The triangular relationship between the United States, China and India remains one of the three most important triads in contemporary Asian geopolitics. Along with the China–Japan–United States and the United States–Russia–China triads, the character of the ties between Washington, Beijing and New Delhi will shape how the evolving security competition between the United States and China plays out. While the US–China relationship will remain at the center of the struggle for global dominance, the triangular relationship between Washington, Beijing and New Delhi is not simply about USChina competition, however important that may be. Rather, this triangular relationship contains two concurrent security competitions: one between China and India and the other between the United States and China. Both pairs of rivalries persist simultaneously, and both date back roughly to the end of the Second World War, when the United States formally acquired a global presence, India become a newly independent state, and China once again reincarnated itself as a new polity, this time in Communist guise thanks to Mao Zedong’s successful revolution.

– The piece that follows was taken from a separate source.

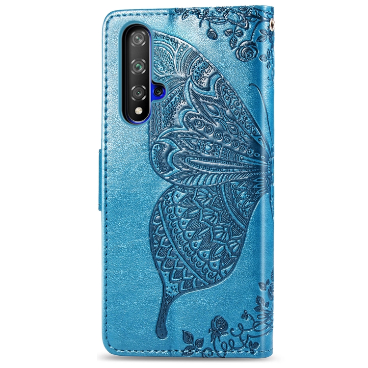 Funda de Cuero Butterfly Love Flowers para Huawei Honor 20 con Tapa Horizontal, Soporte, Ranuras, Billetera y Cordón (Azul)
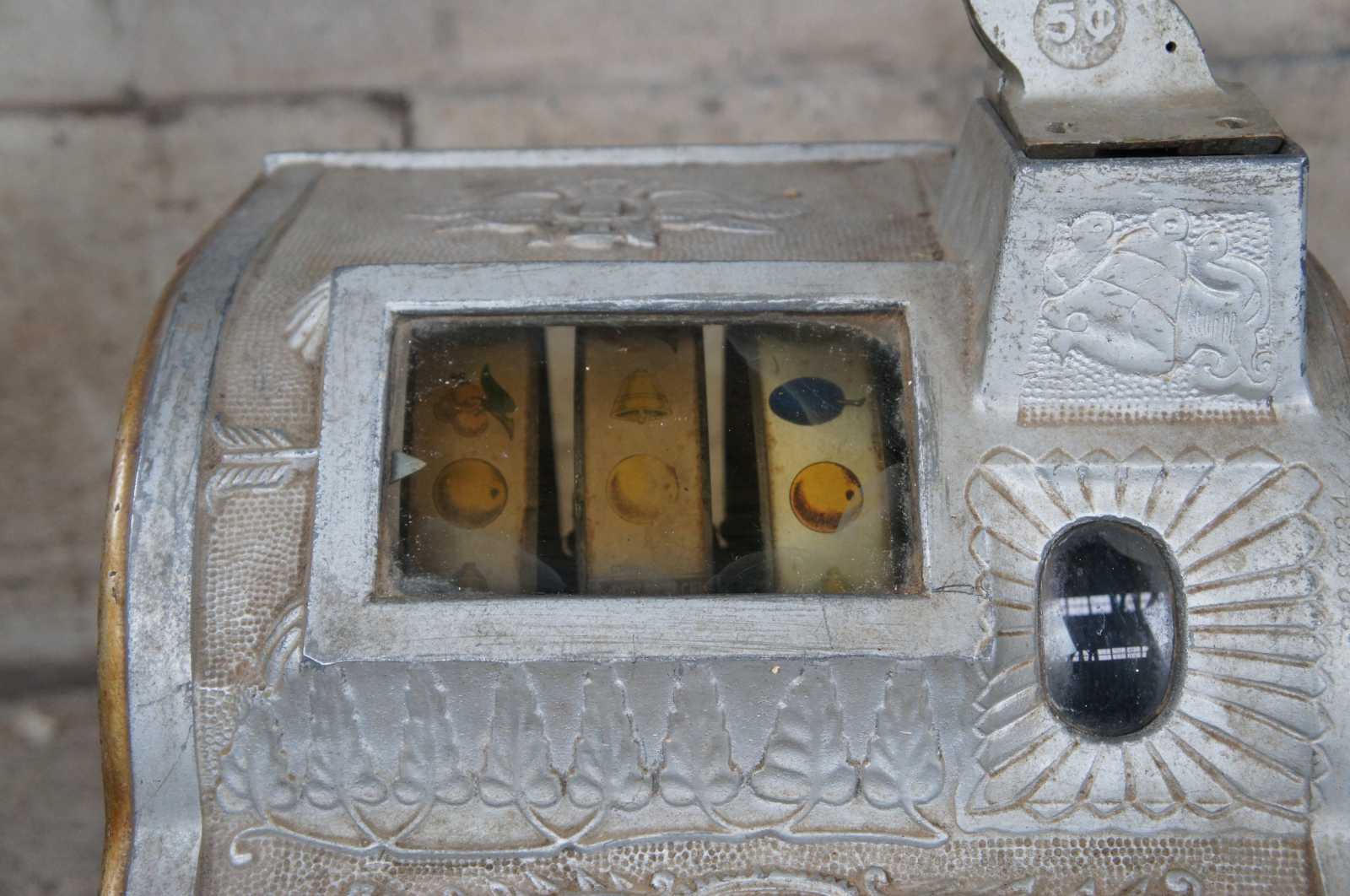 Antique Mills Gooseneck 5 Cent Slot Machine. For parts, not tested.

The United States emerged out of the Second World War as a global power, and although it was contested by the Soviet Union throughout the Cold War, Washington undoubtedly remained at the pinnacle of the international hierarchy because the United States towered above all other states — including the Soviet Union — where comprehensive national power was concerned. The liberal nternational order that the United States created in the aftermath of the Second World War would slowly enable the countries of Western Europe to regenerate their power and join with the United States in containing Soviet expansionism. The liberal order had a similar effect in Asia, where it was responsible for stimulating the rise of the war–torn economies of Japan, South Korea and Taiwan in the first phase (during the 1960s–70s) and later the smaller states of Southeast Asia (during the 1980s and onwards). All told, these developments permitted the United States to gain strong allies in Europe and Asia, which aided Washington in checkmating Moscow’s power and eventually defeating it by 1991, when the Cold War came to an end with the collapse of the Soviet Union.

Even as the Cold War was closing, the third phase of Asian economic expansion was beginning, as China began significant economic reforms during the 1980s, which allowed it — with US backing — to finally join the World Trade Organization in 2001. India began its economic reforms a decade later, in 1991, and by the turn of the 21st century, had joined China as a new, fast–growing economy in Asia. When China began its reforms, with Deng Xiaoping’s dramatic decisions in December 1978, Beijing was a de facto partner of the United States in containing the Soviet Union. Washington was supportive of China’s reforms then, despite political misgivings, because it viewed a stronger China as useful to the goal of containment.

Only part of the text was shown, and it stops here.